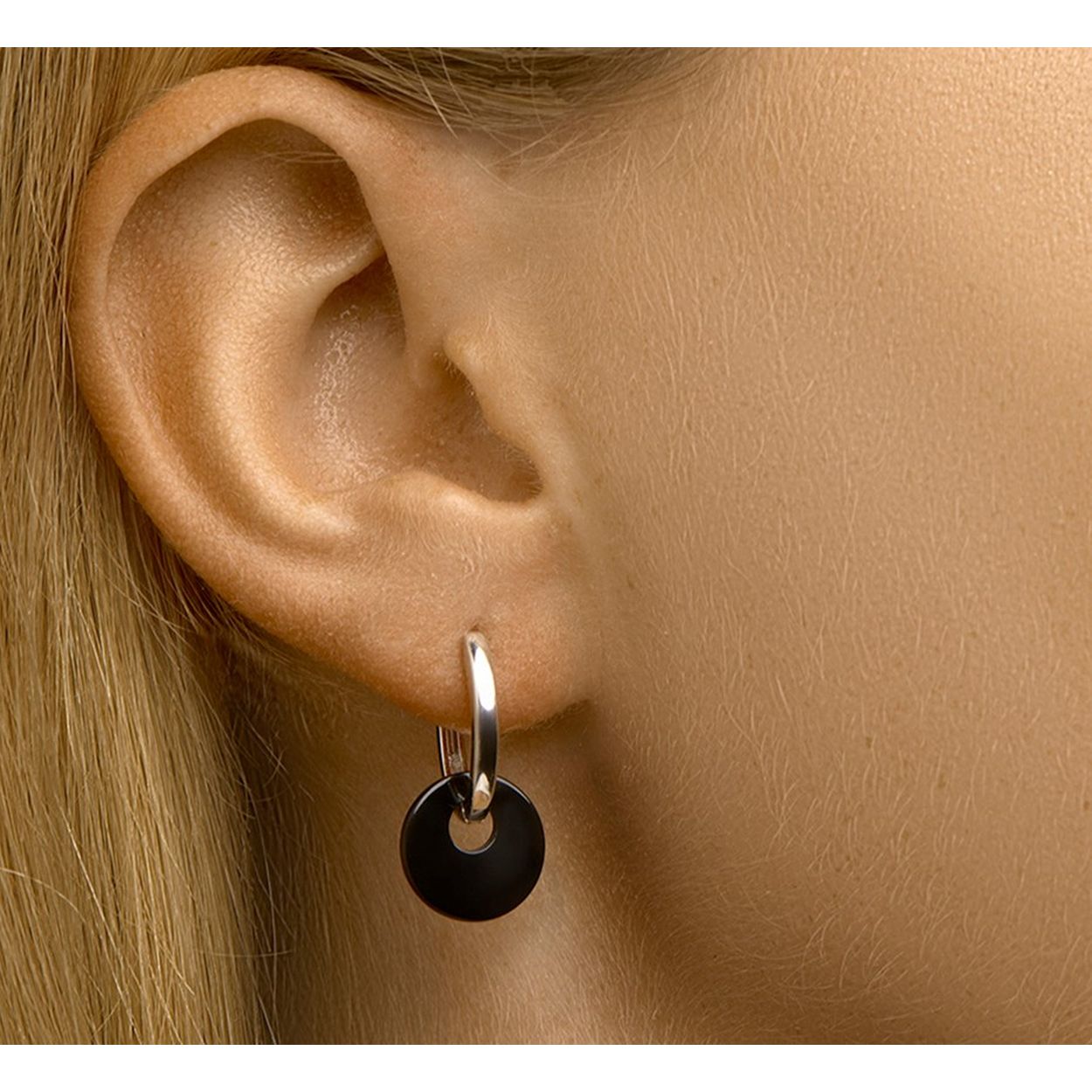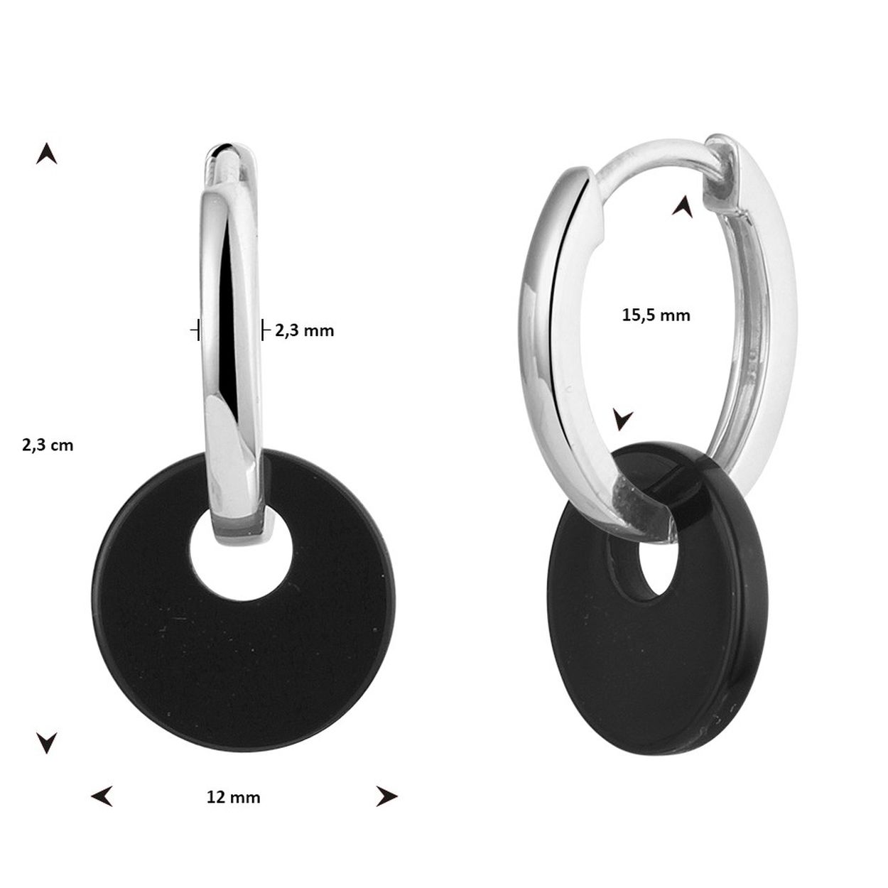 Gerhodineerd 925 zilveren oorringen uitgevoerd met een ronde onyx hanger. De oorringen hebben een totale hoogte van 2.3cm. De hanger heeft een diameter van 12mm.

* * *

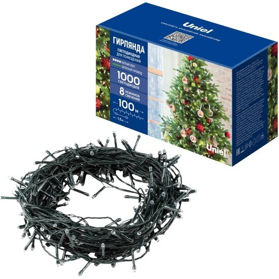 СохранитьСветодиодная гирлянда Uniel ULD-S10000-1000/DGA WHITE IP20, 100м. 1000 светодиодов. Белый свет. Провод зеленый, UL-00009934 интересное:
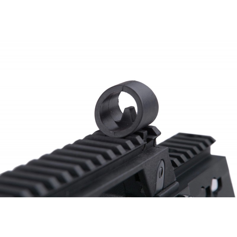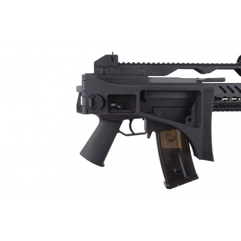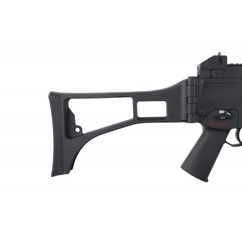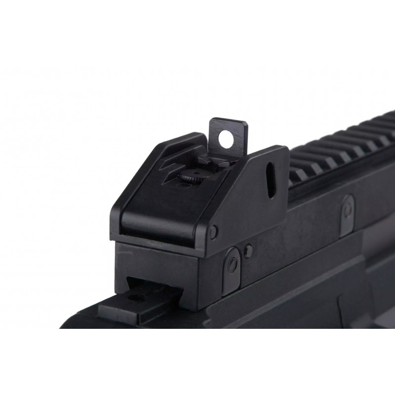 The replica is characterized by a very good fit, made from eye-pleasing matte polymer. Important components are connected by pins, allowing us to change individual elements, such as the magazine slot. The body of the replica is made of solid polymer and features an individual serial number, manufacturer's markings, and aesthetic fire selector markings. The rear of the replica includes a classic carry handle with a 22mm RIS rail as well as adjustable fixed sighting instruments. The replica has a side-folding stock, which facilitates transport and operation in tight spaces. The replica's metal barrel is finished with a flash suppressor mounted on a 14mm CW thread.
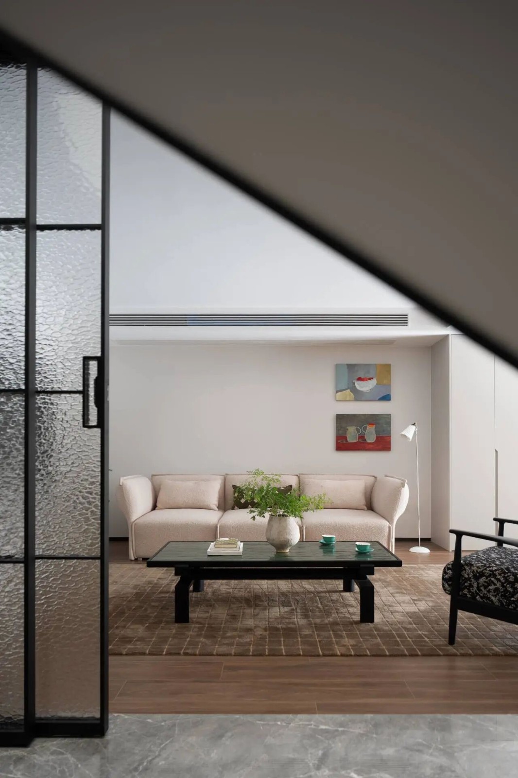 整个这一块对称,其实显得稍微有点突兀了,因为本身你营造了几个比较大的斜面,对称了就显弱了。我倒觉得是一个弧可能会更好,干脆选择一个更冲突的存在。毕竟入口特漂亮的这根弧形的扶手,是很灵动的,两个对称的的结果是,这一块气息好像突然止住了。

• About this exercise: Copy exactly the lines of the entries above from the one containing "The replica is characterized" through the one containing "整个这一块对称,其实显得稍微". Both end lines count; pictures do not.

• Solution:
 The replica is characterized by a very good fit, made from eye-pleasing matte polymer. Important components are connected by pins, allowing us to change individual elements, such as the magazine slot. The body of the replica is made of solid polymer and features an individual serial number, manufacturer's markings, and aesthetic fire selector markings. The rear of the replica includes a classic carry handle with a 22mm RIS rail as well as adjustable fixed sighting instruments. The replica has a side-folding stock, which facilitates transport and operation in tight spaces. The replica's metal barrel is finished with a flash suppressor mounted on a 14mm CW thread.
 整个这一块对称,其实显得稍微有点突兀了,因为本身你营造了几个比较大的斜面,对称了就显弱了。我倒觉得是一个弧可能会更好,干脆选择一个更冲突的存在。毕竟入口特漂亮的这根弧形的扶手,是很灵动的,两个对称的的结果是,这一块气息好像突然止住了。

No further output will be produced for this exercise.